It was Sir John Junor of the Sunday Express who came up with, and no pun intended, “pass the sick bag, Alice.” Sir John habitually dined at the Savoy, and was less than impressed by the egg and chips served up by Alice, canteen lady at the Express.

Had Sir John still been around and present at the recent Tory and Labour conferences, Alice would have received a similar request. Sir John’s boak however, would have had a different cause.

First up was Rishi Sunak. His address and performance would have challenged the strongest constitution. Queasiness set in early, when Mrs S, aka Akshaka Murty, spontaneously “gate-crashed” the conference as hubby’s warm-up act. It was a stroke of luck she had a set of notes in her Louis Vuitton. “Quelle surprise!” feigned Mr Sunak.

Nausea swelled as Mrs S described she and her husband as best friends. She revealed her husband likes nothing better than curling up on the sofa to watch a rom-com, the “cheesier the better”. A weight dropped from my shoulders to learn that, as the economy crashes and burns, the Prime Minister can still channel his inner Hugh Grant.

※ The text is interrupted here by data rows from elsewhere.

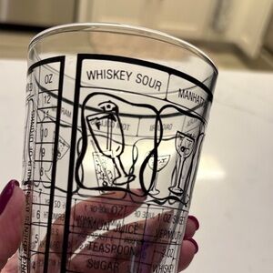 Clear glass with black cocktail recipes printed. Perfect for mixing drinks.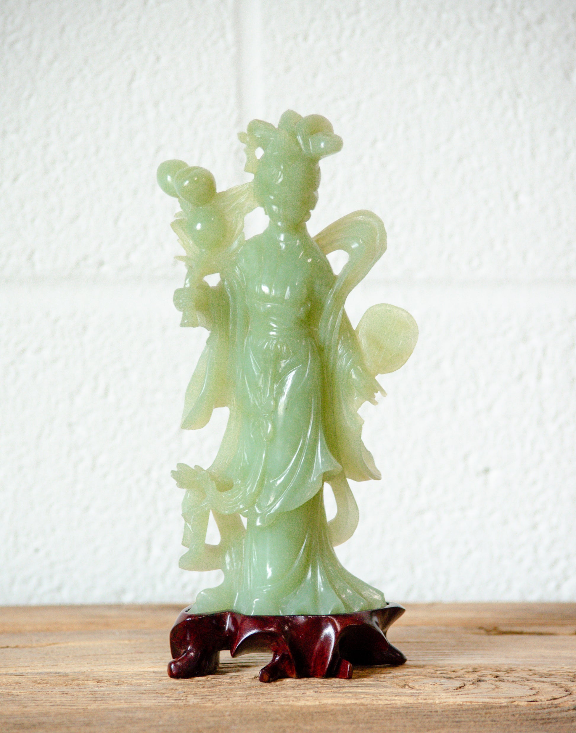 1920's-era carved jade statue of a woman. Comes with wooden base!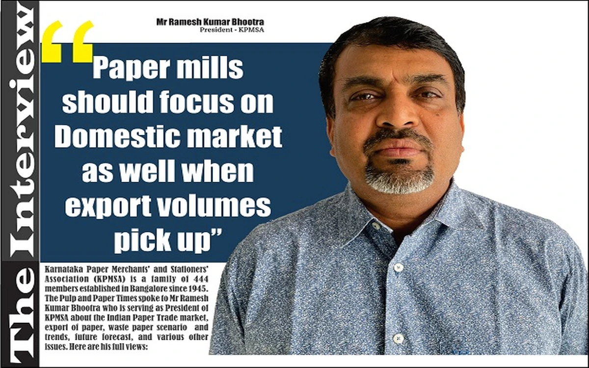Karnataka Paper Merchants' and Stationers' Association (KPMSA) is a family of 444 members established in Bangalore since 1945. The Pulp and Paper Times spoke to Mr Ramesh Kumar Bhootra who is serving as President of KPMSA about the Indian Paper Trade market, export of paper, waste paper scenario and trends, future forecast, and various other issues. Here are his full views: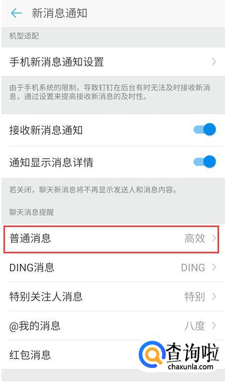 在最顶上的新消息通知设置这里,可以设置消息通知,比如是否弹窗,是否在下拉菜单提示等。

Worse followed. The Sunaks, combined worth around £730million, are much like the rest of us, and proud of their humble origins. After all, his parents clawed their way up from being respectively, a GP and a pharmacist. Doesn’t sound much like a deprived childhood, wee man.

Tony Blair started all this “we’re just like you,” nonsense with “I’m a pretty straight sort of guy.” David Cameron’s “just call me Dave” blew up in his face when Ashcroft and Oakeshott borrowed his words for their unauthorised, excoriating biography.

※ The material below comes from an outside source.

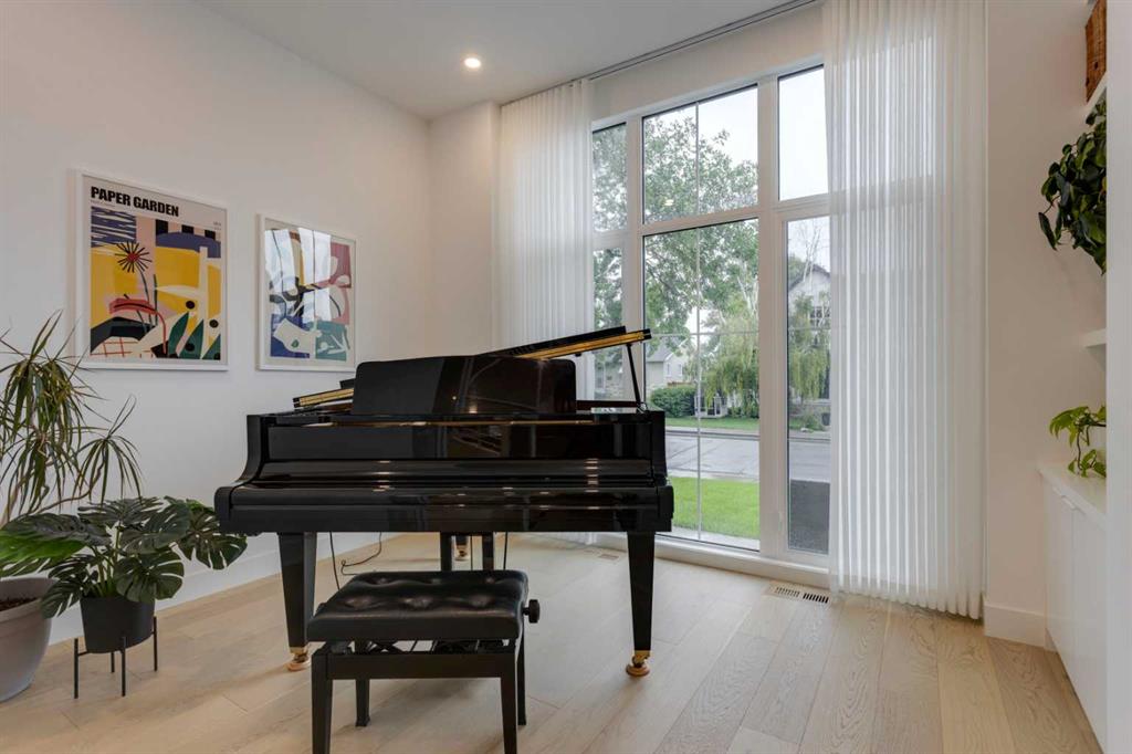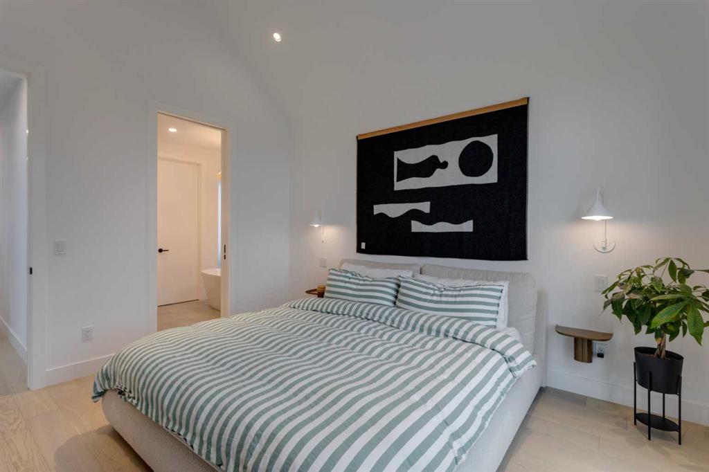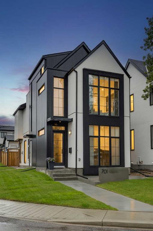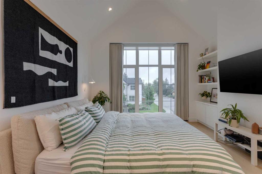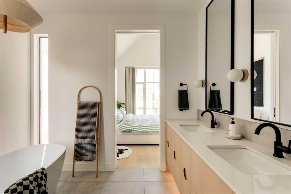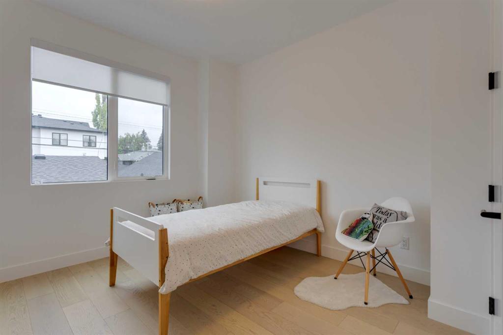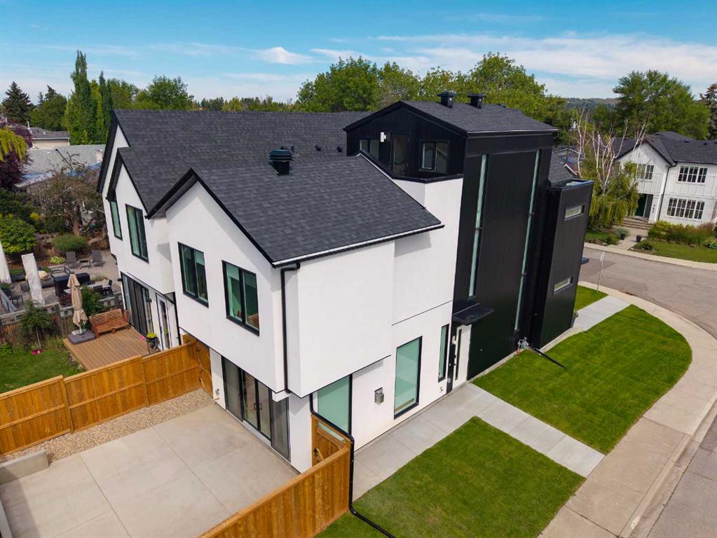 OPEN HOUSE SUNDAY OCT 5, 1:30 TO 3. Magazine-worthy living! Just featured in Avenue Magazine (some photos used from the spread with permission), the home is a collaboration of notable Alberta designers, including architecture by JTA Design, interiors by Studio Felix, and custom work by Denca Cabinetry, Crete Collective, and Forge 53°. Every facet of the home was painstakingly crafted to maximize light and create subtle interest - warm, understated beauty inhabits every inch. Clean lines and subtle tones create a calming, minimalist feel, hinting at both Scandinavian and Japanese design. THE LOCATION - Situated on a cul-de-sac with direct access to Confederation Park, means there are no streets to cross for your family when seeking time in the park. The corner lot allows for more natural light and privacy than the usual infill. South-facing backyard provides year-round sun, for long evenings with friends and family. THE HOUSE - This 4bdr (3 up, 1 dn) air-conditioned home offers over 3,100 sq. ft. of living space. The basement has potential for a 5th bedroom, and the home boasts 4 bathrooms. Main floor features 10-foot ceilings, while the basement and other levels have 9-foot. Note the over-sized windows on all sides of the home, which flood every floor with natural light. White steel stairwell railings and custom piano room doors by Forge 53°. THIRD FLOOR - A large bonus room offers a great place to escape for adults and kids alike, either for the views of downtown from the rooftop patio, or to enjoy as a fantastic games room. SECOND FLOOR - The primary bedroom showcases a spacious and luxurious ensuite and a walk-in closet. The second floor also has two additional bedrooms, a 5-piece bathroom and a laundry room. MAIN FLOOR - Studio Felix really shines here. The main floor entrance features natural wood accents, leading to a piano room or office with elegant designer steel doors. The custom Denca Cabinetry kitchen was designed with rounded stone counters and Fisher & Paykel appliances, including an integrated fridge with wooden accents and gas range. Adjoining the kitchen is a spacious, well-lit living room with backyard access. BASEMENT - The basement features polished concrete floors, 9-foot ceilings, a large bedroom, a 4-piece bathroom, and an exercise area. Once again, the oversized windows bring extra light to the space. EXTERIOR - Bold black and white aesthetics make the home a landmark. The low-maintenance backyard can accommodate shrubs and even a garden around the 2-car garage which is accessed from a fantastic paved alley. Full feature list is available upon request. Must be seen to be appreciated - Schedule your viewing to experience the property in person!

The dogs barked and the caravan rolled on, to Liverpool. Blow me, didn’t we find the ever-so-humble Sir Keir Starmer prattling on about his modest origins. Yes, yes, Sir Keir we’ve all heard, ad nauseum, about your mother, the nurse, and your toolmaker father. It was depressingly reminiscent of Monty Python’s Four Yorkshiremen sketch, “We lived in one room, all 126 of us.”

Politicians emphasise their humble beginnings because they realise they’re not like us at all. The more honest and self-aware are a touch embarrassed their routes into politics have cut them off from the experiences of most of their fellow citizens.

There’s a cringe factor when the likes of the Prime Minister talk blithely of “hundreds of shovel-ready” construction projects. Mr Sunak would require some on-the-job training to identify which end of the shovel is inserted into the ground.

How things have changed. At one time, the Commons would have been full of working-class heroes with first-hand experience of worlds beyond politics and Westminster. True, the wilful destruction of Britain’s industrial and construction capacity reduced the size and nature of what would have been the working class and the trade union movement. Back then, the likes of “Battling” Bessie Braddock, MP for Liverpool Exchange from 1945 until 1971, could draw on her experience of poverty and factory work fuelling her passionate campaigning for better housing and health. She was undaunted, even when taking on Churchill.

Labour MP Lisa Nandy, rightly, says of Bessie, she “brought her experiences of life in the slums right into the heart of Westminster.” No present-day parliamentarians would have experienced the grinding poverty of Bessie’s childhood. There is a disconnect between the soft life at Westminster and the experiences of many on the outside. Anger, passion, and commitment have been drained. Former Labour cabinet minister Alan Johnson is probably the last major politician to come up the “hard way”.

The Braddocks and Johnsons have been replaced by those whose own careers and advancement are top priority. Sir Keir Starmer has the fire and passion of a back number of The People’s Friend. As things stand, getting to Number 10 is all that matters. Labour needs to recapture the vision, passion, ambition, and sense of fairness of the old-time working-class heroes. Otherwise, even if Labour wins the election, we’re heading for five years of Tory-Lite.